(Data excerpts)
====================

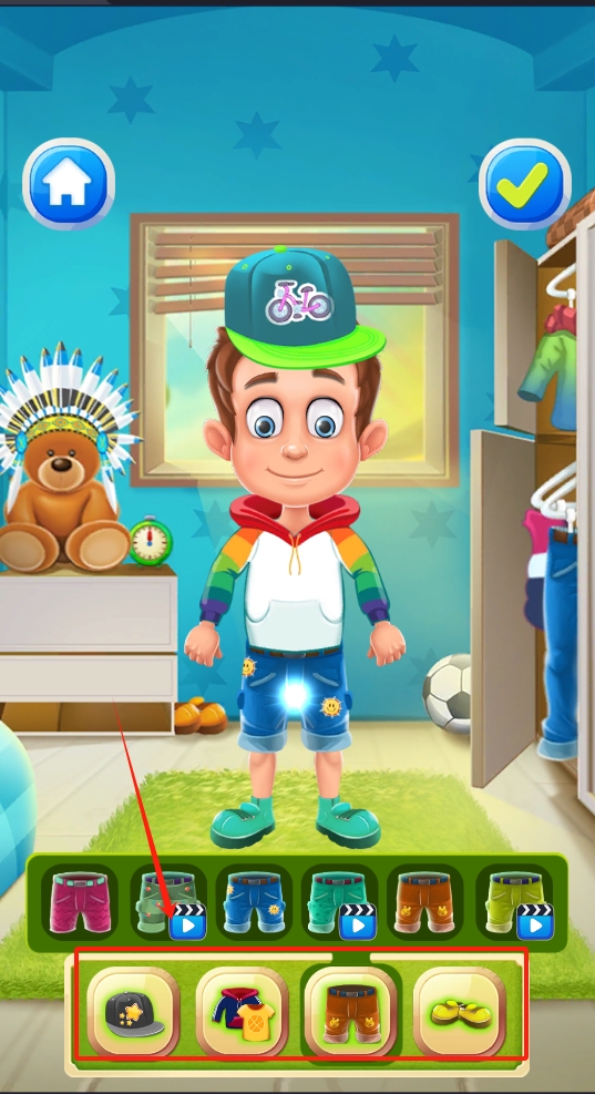 3、在角色换装界面,从下方的选项中选择合适的衣物,点击以完成角色的装扮。
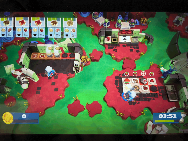 该主题下的菜品大多还是以快餐为主,但是汉堡中加了不少东西像生菜和芝士这种,玩家需要配合的情况下通过任意门转换到另一个场景,比如传菜和切菜之间没有台阶只能进门。开心的一点是这一关卡因为形式比较新可以不用刷碗!
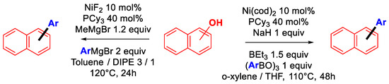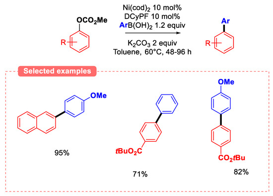Based on Garg’s conditions, a new catalytic system that allows for the coupling of coordinating group-free methyl carbonates derived from phenols was developed (Figure 14) [48]. Catalyst screening identified Ni(cod)2-DCyPF (DCyPF = 1,1′-bis(dicyclohexylphosphino)ferrocene) as the only effective complex for the coupling of para-methoxyphenyl carbonate with phenyl boronic acid. The study on other carbonate substrates revealed that the highest yields were obtained when electron-withdrawing groups were introduced at the para-position of the phenyl ring. Likewise, the presence of electron-donating substituents on the aryl ring of the boronic acid afforded high yields. However, this approach suffers from very long reaction times (typically in the 48–96 h range).
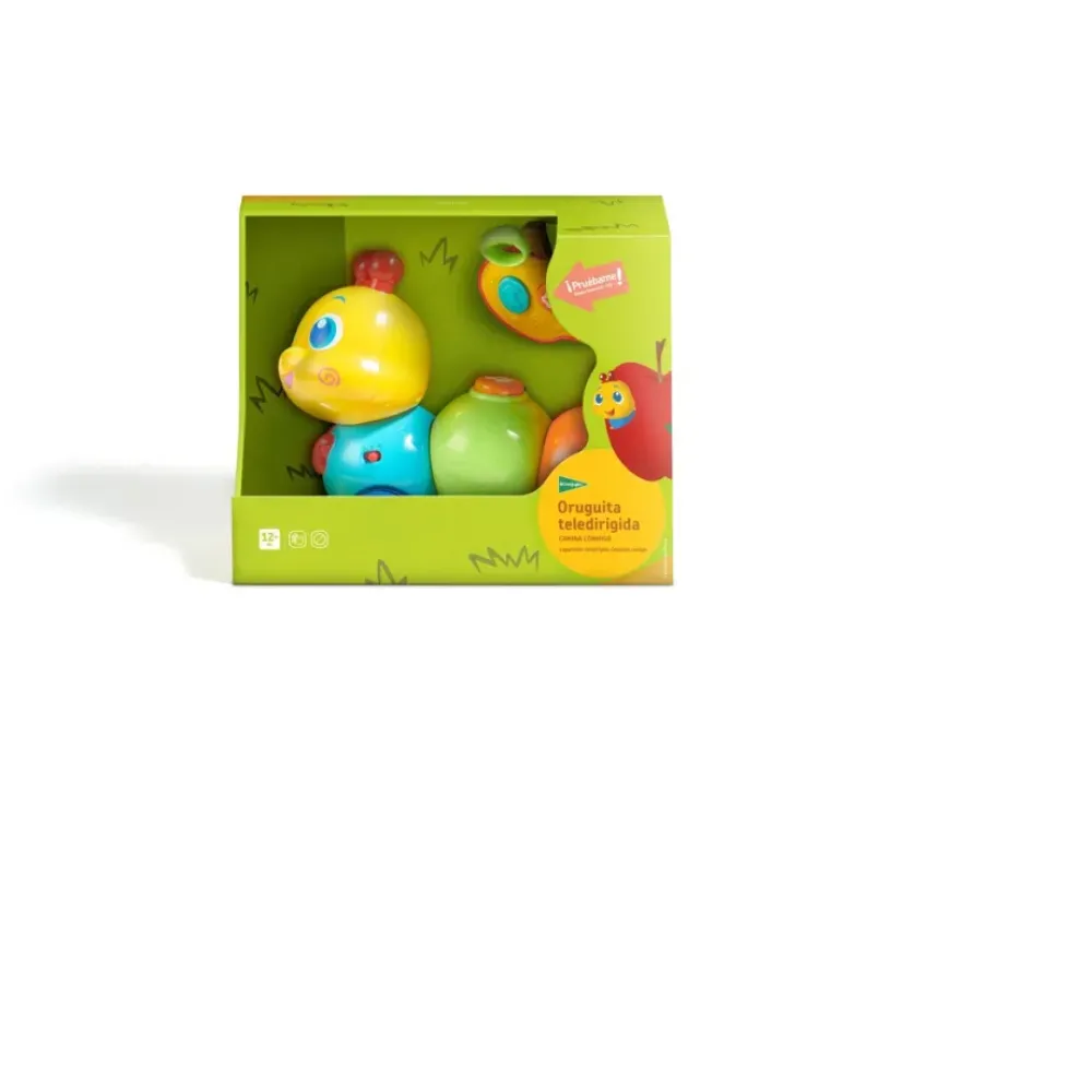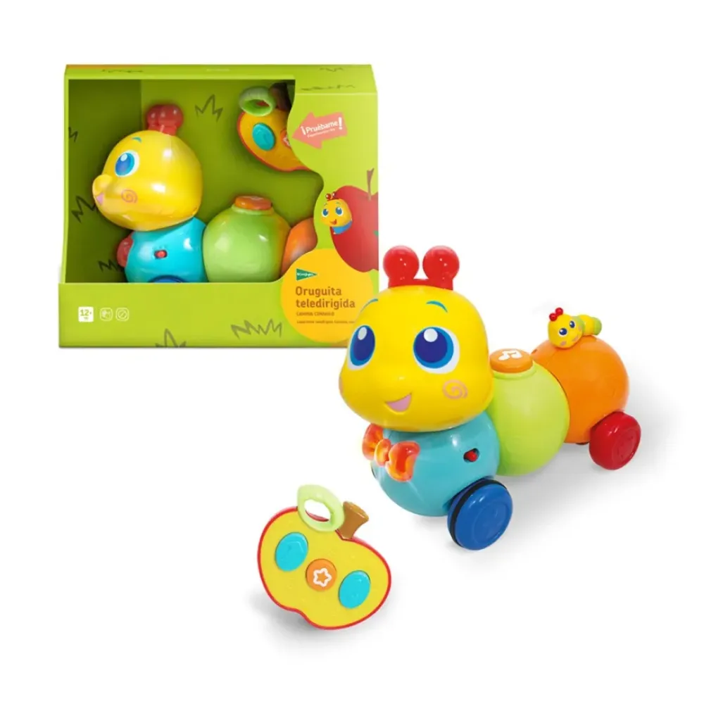 La Oruguita Teledirigida Camina Conmigo Esta Indicada Para Ninos A Partir De 12 Meses. Esta Elegante Y Simpatica Companera De Aventuras Animara A Tu Peque A Gatear O Caminar Detras De Ella Por Toda La Casa. Luce Una Llamativa Pajarita Que Se Ilumina Y Tiene Unos Divertidos Andares, Moviendo Su Cabecita De Un Lado A Otro Y Subiendo Y Bajando Su Cuerpo Flexible. Su Original Mando Con Forma De Manzana Se Adapta Perfectamente A Sus Manitas Y Es Facil De Manejar, Con Solo 3 Sencillas Funciones: Avance, Retroceso Con Giro Y Efectos De Sonido. Y Tranquilos, Que El Volumen Se Puede Ajustar. La Oruga Funciona Con 3 Pilas Aa (Incluidas) Y El Mando Funciona Con 2 Pilas Aaa (No Incluidas).
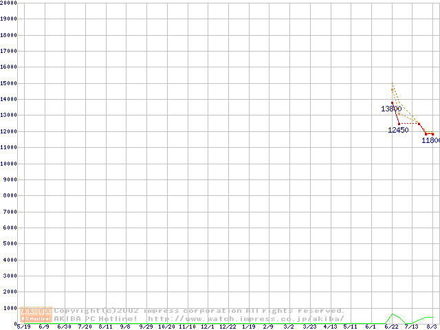 PC800-40 DRDRAM RIMM3200(32bit)の最安値推移
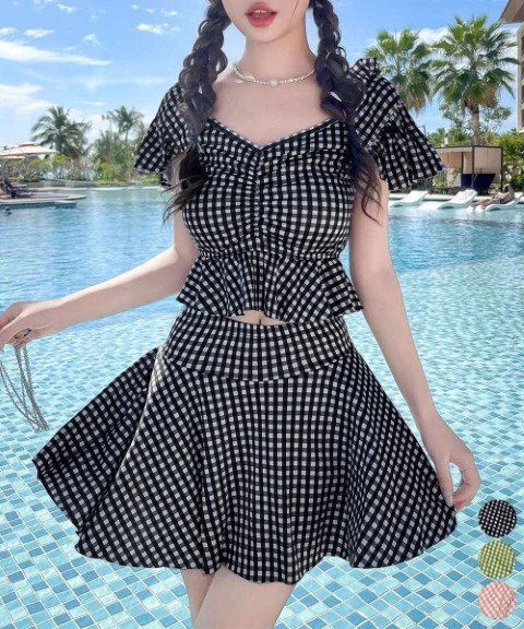 ガーリーなチェック柄が特徴のセパレートタイプのスイムウェアです。
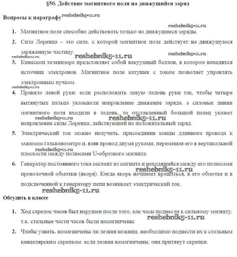Готовая домашняя работа с ответами по Физике за 8 класс Громов, Родина, Белага Учебник Просвещение 2018 ФГОС - Параграфы § 50. Действие магнитного поля на движущийся заряд
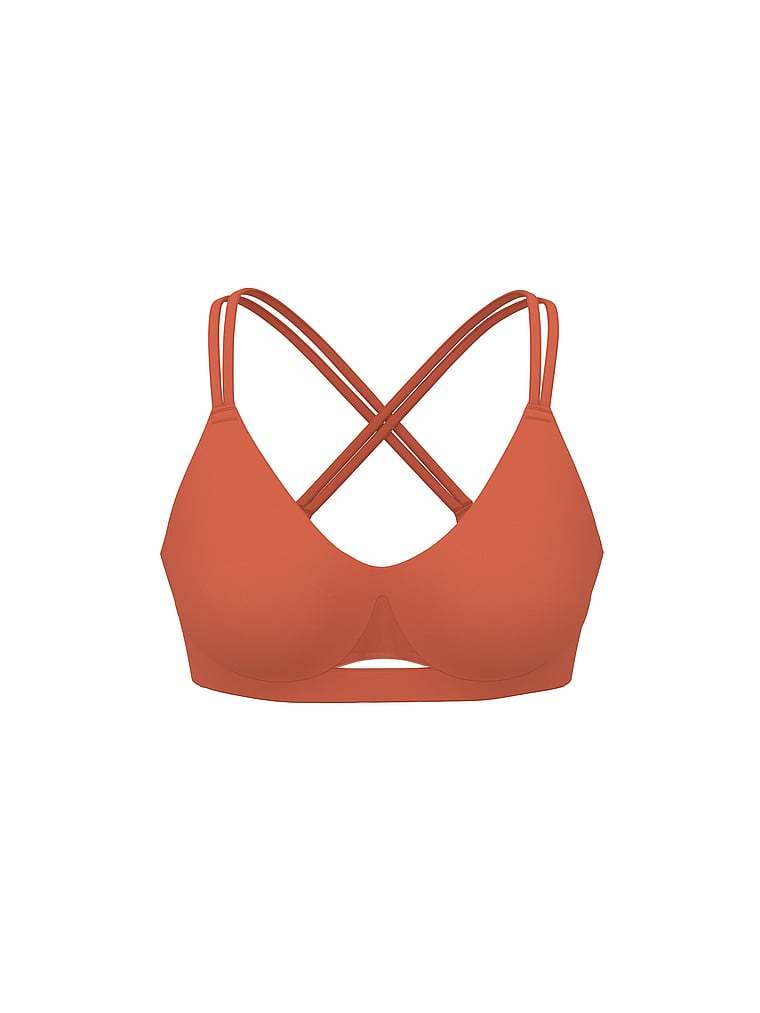Double-strap, cross-back styling and an underbust cutout detail are trendy touches to this lightly padded style. Ideal for low-impact activities, it's one you'll want to keep in your athleisure rotation.
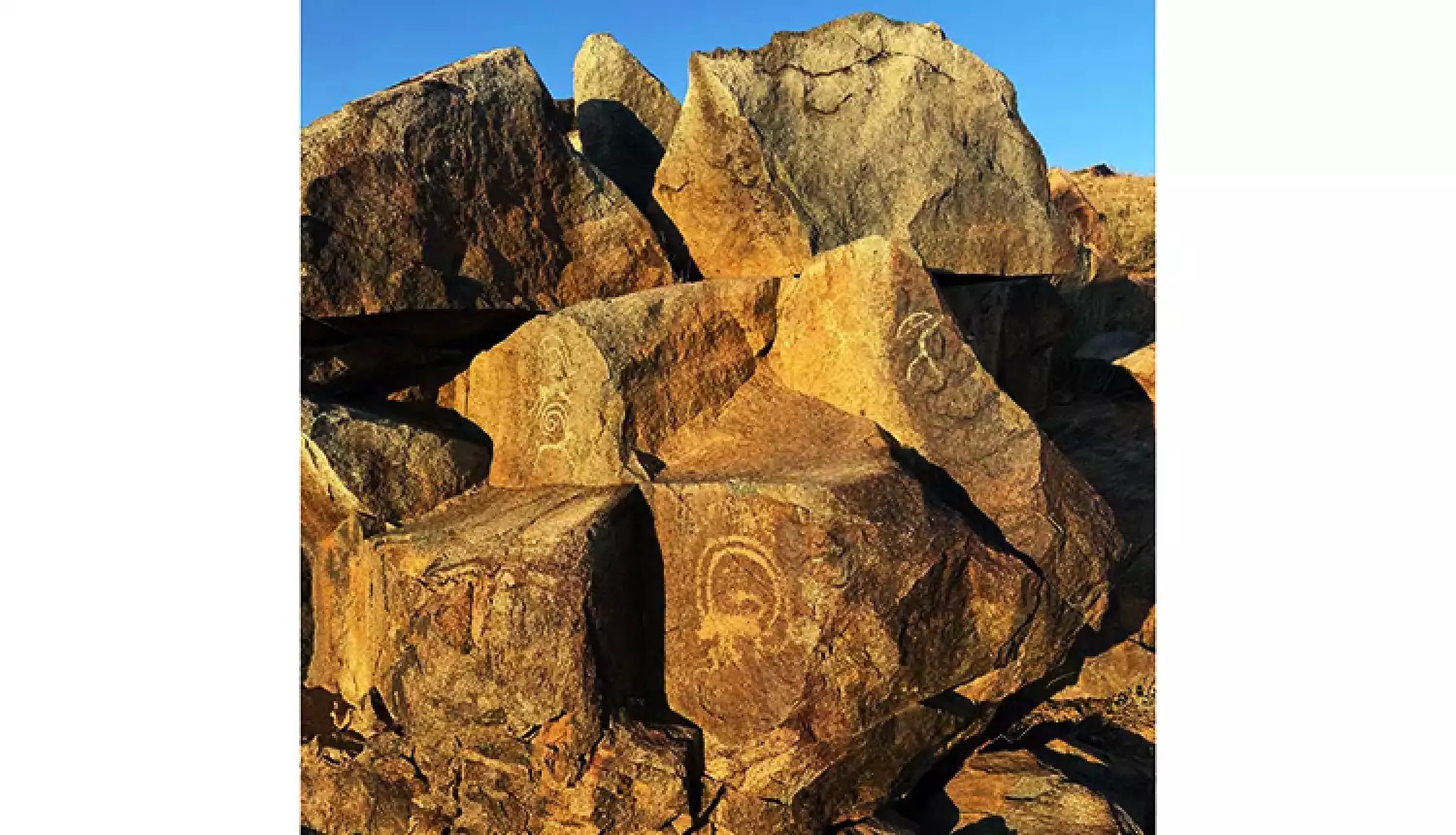 На камнях — изображения людей и животных. Вместе с директором районного музея Абаем Кенжебаевым находку осмотрели специалисты, передав информацию в Жамбылский областной историко-краеведческий музей и акимат Кордайского сельского округа. Объект расположен в урочище Чумыш неподалеку от ипподрома имени Ногайбай би.
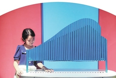 科普教育山東省濰坊市高密市科技館內(nèi),小朋友在體驗音樂科普設備。李海濤攝(新華社發(fā))
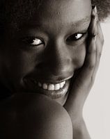 Zwart-wit close-up portret van een jonge vrouw met expressieve ogen en een stralende glimlach. Haar gezicht rust zachtjes in haar hand, wat warmte, vreugde en zelfvertrouwen uitstraalt. De intieme kadrering benadrukt de textuur van haar huid, de schittering in haar ogen en de natuurlijke glimlach, wat een krachtige emotionele connectie creëert. De monochrome tinten versterken het contrast tussen licht en schaduw, waardoor haar gelaatstrekken worden geaccentueerd en diepte aan het beeld wordt toegevoegd.
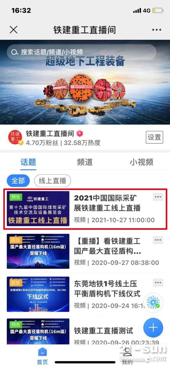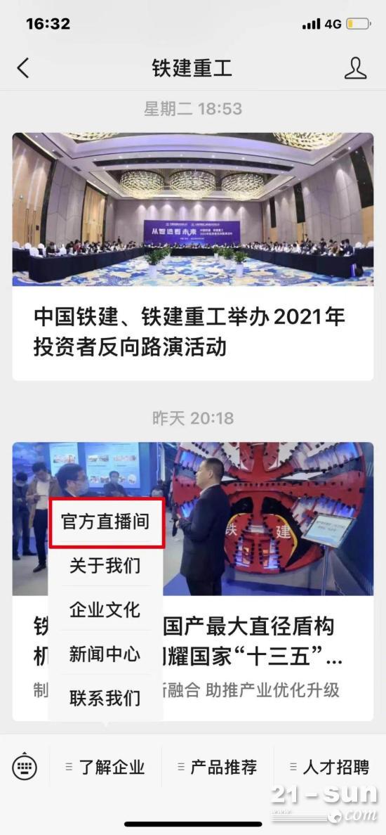 进入铁建重工官方微信号,点击左边菜单栏,进入“官方直播间”,即可观看活动直播。
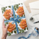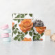 Bright Orange Roses With Green Leaves On A White Background With A Painterly Texture To Evoke A Warm Summery Vibe

====================

To do:
None of the pictures belongs in the answer, but all the entries must be repeated exactly.

The answer:
 3、在角色换装界面,从下方的选项中选择合适的衣物,点击以完成角色的装扮。
 该主题下的菜品大多还是以快餐为主,但是汉堡中加了不少东西像生菜和芝士这种,玩家需要配合的情况下通过任意门转换到另一个场景,比如传菜和切菜之间没有台阶只能进门。开心的一点是这一关卡因为形式比较新可以不用刷碗!
Based on Garg’s conditions, a new catalytic system that allows for the coupling of coordinating group-free methyl carbonates derived from phenols was developed (Figure 14) [48]. Catalyst screening identified Ni(cod)2-DCyPF (DCyPF = 1,1′-bis(dicyclohexylphosphino)ferrocene) as the only effective complex for the coupling of para-methoxyphenyl carbonate with phenyl boronic acid. The study on other carbonate substrates revealed that the highest yields were obtained when electron-withdrawing groups were introduced at the para-position of the phenyl ring. Likewise, the presence of electron-donating substituents on the aryl ring of the boronic acid afforded high yields. However, this approach suffers from very long reaction times (typically in the 48–96 h range).
 La Oruguita Teledirigida Camina Conmigo Esta Indicada Para Ninos A Partir De 12 Meses. Esta Elegante Y Simpatica Companera De Aventuras Animara A Tu Peque A Gatear O Caminar Detras De Ella Por Toda La Casa. Luce Una Llamativa Pajarita Que Se Ilumina Y Tiene Unos Divertidos Andares, Moviendo Su Cabecita De Un Lado A Otro Y Subiendo Y Bajando Su Cuerpo Flexible. Su Original Mando Con Forma De Manzana Se Adapta Perfectamente A Sus Manitas Y Es Facil De Manejar, Con Solo 3 Sencillas Funciones: Avance, Retroceso Con Giro Y Efectos De Sonido. Y Tranquilos, Que El Volumen Se Puede Ajustar. La Oruga Funciona Con 3 Pilas Aa (Incluidas) Y El Mando Funciona Con 2 Pilas Aaa (No Incluidas).
 PC800-40 DRDRAM RIMM3200(32bit)の最安値推移
 ガーリーなチェック柄が特徴のセパレートタイプのスイムウェアです。
Готовая домашняя работа с ответами по Физике за 8 класс Громов, Родина, Белага Учебник Просвещение 2018 ФГОС - Параграфы § 50. Действие магнитного поля на движущийся заряд
Double-strap, cross-back styling and an underbust cutout detail are trendy touches to this lightly padded style. Ideal for low-impact activities, it's one you'll want to keep in your athleisure rotation.
 На камнях — изображения людей и животных. Вместе с директором районного музея Абаем Кенжебаевым находку осмотрели специалисты, передав информацию в Жамбылский областной историко-краеведческий музей и акимат Кордайского сельского округа. Объект расположен в урочище Чумыш неподалеку от ипподрома имени Ногайбай би.
 科普教育山東省濰坊市高密市科技館內(nèi),小朋友在體驗音樂科普設備。李海濤攝(新華社發(fā))
 Zwart-wit close-up portret van een jonge vrouw met expressieve ogen en een stralende glimlach. Haar gezicht rust zachtjes in haar hand, wat warmte, vreugde en zelfvertrouwen uitstraalt. De intieme kadrering benadrukt de textuur van haar huid, de schittering in haar ogen en de natuurlijke glimlach, wat een krachtige emotionele connectie creëert. De monochrome tinten versterken het contrast tussen licht en schaduw, waardoor haar gelaatstrekken worden geaccentueerd en diepte aan het beeld wordt toegevoegd.
 进入铁建重工官方微信号,点击左边菜单栏,进入“官方直播间”,即可观看活动直播。
 Bright Orange Roses With Green Leaves On A White Background With A Painterly Texture To Evoke A Warm Summery Vibe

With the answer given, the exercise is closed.